KeeFarce
#Access Control#IAM
Command-line password manager with GnuPG encryption and colorful interface.
KeeFarce enables the extraction of KeePass 2 password database information from memory
KeeFarce allows users to extract KeePass 2 password database information directly from memory.
The Cleartext Information, Including Usernames and More
The cleartext information, which includes usernames, passwords, notes, and URLs, is exported into a CSV file located in %AppData%. KeeFarce utilizes DLL injection to run code within the context of an active KeePass process. The execution of C# code is accomplished by first injecting a bootstrap DLL that is appropriate for the system architecture.
This initiates an instance of
This initiates an instance of the .NET runtime within the designated app domain, and then executes KeeFarceDLL.dll, which is the primary C# payload.

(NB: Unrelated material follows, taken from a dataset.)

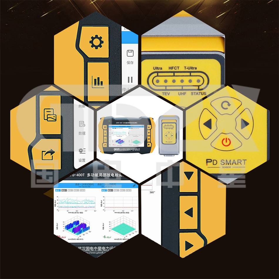 2. 內(nèi)置超聲波傳感器和暫態(tài)地電壓(以下簡稱TEV)傳感器,可外接變壓器、GIS、架空線路、電纜等專用傳感器;

The KeeFarceDLL Utilizes CLRMD to
The KeeFarceDLL utilizes CLRMD to locate the necessary object within the heap of the KeePass processes. It identifies pointers to essential sub-objects using specific offsets and employs reflection to invoke an export method. It is important to use the correct build of KeeFarce based on the architecture of the KeePass target, either 32-bit or 64-bit. You can find the archives and their corresponding SHA sums in the 'prebuilt' directory. To run on the target host, ensure that the following files are present in the same folder: BootstrapDLL.dll, KeeFarce.exe, KeeFarceDLL.dll, and Microsoft.Diagnostic.Runtime.dll. Transfer these files to the target and execute Kee.